An operation is defined as being atomic if a thread perceives it as executing without interruption (in other words, as an "all or nothing" action). In some libraries, a keyword or type is used to specify that a block of computation should be treated as being atomic. In the previous example, the line counts[val] = counts[val] + 1 (even if written as counts[val]++) is not atomic, because this line actually corresponds to several instructions at the machine level. A synchronization construct like mutual exclusion is needed to ensure that there are no data races. In general, all operations should be assumed to be nonatomic unless mutual exclusion is explicitly enforced.

Keep in mind that not all execution sequences of the two threads cause a race condition. Consider the sample execution sequence of Threads 0 and 1 in Table 2.

Table 2. Another Possible Execution Sequence of Two Threads Running countElems
Time	Thread 0	Thread 1
i	Read counts[1] and place into Core 0’s register	…
i+1	Increment register by 1	…
i+2	Overwrite counts[1] with contents of register	…
i+3	…	Read counts[1] and place into Core 1’s register
i+4	…	Increment register by 1
i+5	…	Overwrite counts[1] with contents of register

In this execution sequence, Thread 1 does not read from counts[1] until after Thread 0 updates it with its new value (61). The end result is that Thread 1 reads the value 61 from counts[1] and places it into Core 1’s register during time step i+3, and writes the value 62 to counts[1] in time step i+5.

To fix a data race, we must first isolate the critical section, or the subset of code that must execute atomically (in isolation) to ensure correct behavior. In threaded programs, blocks of code that update a shared resource are typically identified to be critical sections.

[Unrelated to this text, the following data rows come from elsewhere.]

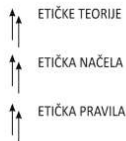
Slika 1. Etičke prosudbe

je osnova morala. Dok pitanje morala glasi ŠTO TREBA ČINITI?, etičko pitanje traži odgovor na pitanje ZAŠTO TREBAM ČINITI TO ŠTO TREBAM ČINITI? Etika pokušava odgovoriti na pitanje zašto treba činiti dobro i po čemu je dobro doista dobro - ona je filozofska refleksija moralnosti ljudskog djelovanja. Činjenje dobrog a izbjegavanje činjenja zla etičko je načelo, osnovno pravilo (uputa, mjerilo, naputak, obrazac, točan popis) ponašanja a u sklopu neke etičke teorije u društvenom ponašanju. U donošenju etičkog suda, odluke ili zaključka ("etičke prosudbe") sva tri spomenuta elementa (pravila, načela, teorije) su povezana i da na prosudbu imaju stanovit utjecaj. To možemo prikazati grafički na način kako je učinjeno na slici 1. U ovom je grafičkom prikazu /25/ kao što se vidi, zastupljena induktivna metoda koja polazi od pojedinačnog (pravila) i ide ka uopćavanju (teoriji). Međutim, u etičkom prosuđivanju moguć je i obrnuti put (deduktivna metoda), da se prosudba temelji na nekoj etičkoj teoriji (deontološkoj, militarističkoj, egzistencijalističkoj, stoičkoj itd.) i preko određenog etičkog načela vodi ka konkretnom etičkom pravilu (na primjer, ne kažnjavaj učenika).
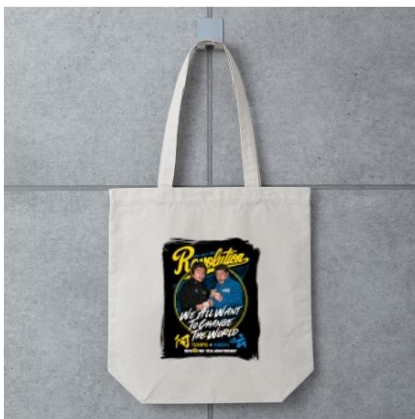
龍原砲トートバッグ ¥3,200(税込)
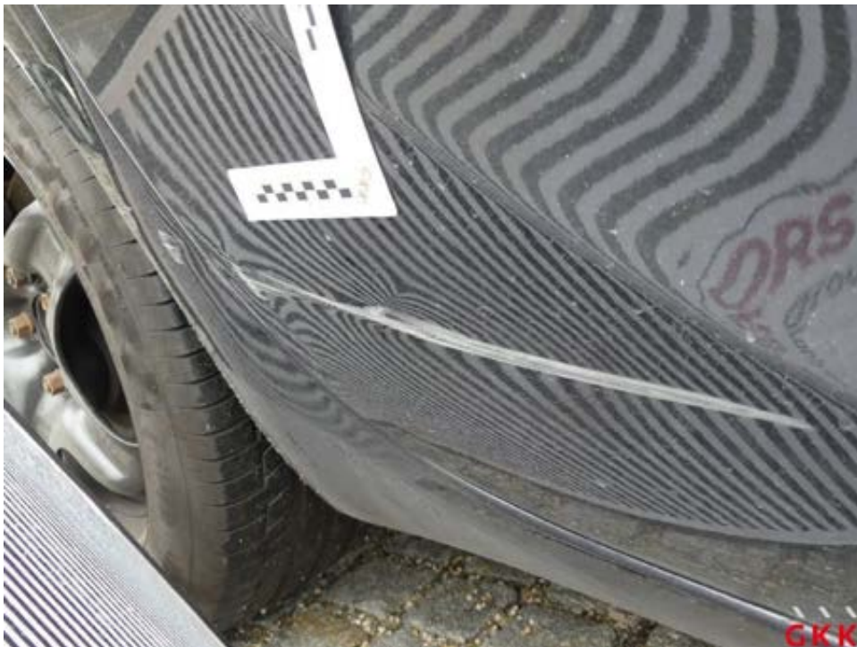
Bild 28 Tür hinten rechts, beschädigt, instand setzen - lackieren
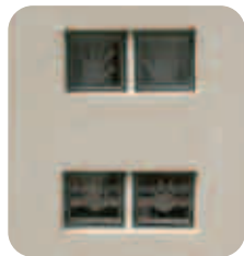
【思い出の手形】 塀にはめ込まれたガラスブロックは、内側にお子さんたちの手形が彫られています。家族の大切な思い出になる、遊び心たっぷりのアレンジ。
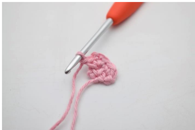
7. Lav 1 lm.
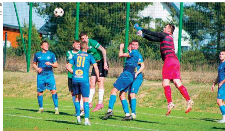
W Słoszewie padła aż dziewięć bramek...
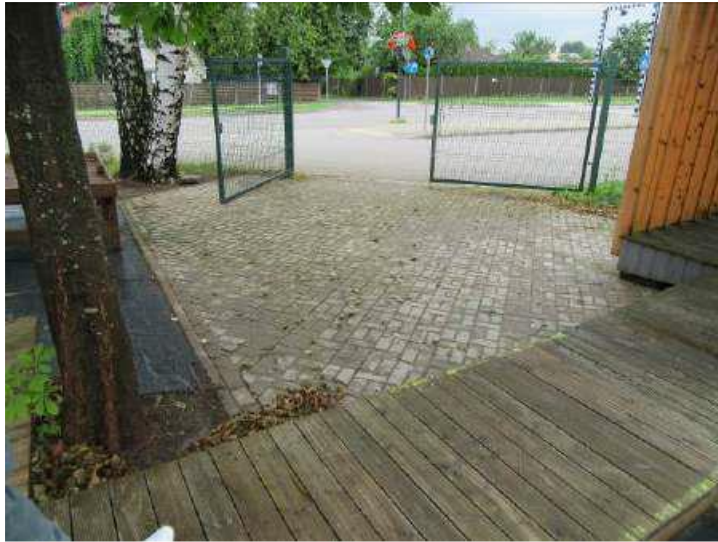
Bruġakmens laukums - 48 m 2 (Inv. Nr. 024001)

In the countElems function, updates to the counts array should be put in a critical section to ensure that values are not lost due to multiple threads updating the same location in memory:

long i;
for (i = start; i < end; i++) {
    val = array[i];
    counts[val] = counts[val] + 1; //this line needs to be protected
}

Since the fundamental problem in countElems is the simultaneous access of counts by multiple threads, a mechanism is needed to ensure that only one thread executes within the critical section at a time. Using a synchronization construct (like a mutex, which is covered in the next section) will force the threads to enter the critical section sequentially.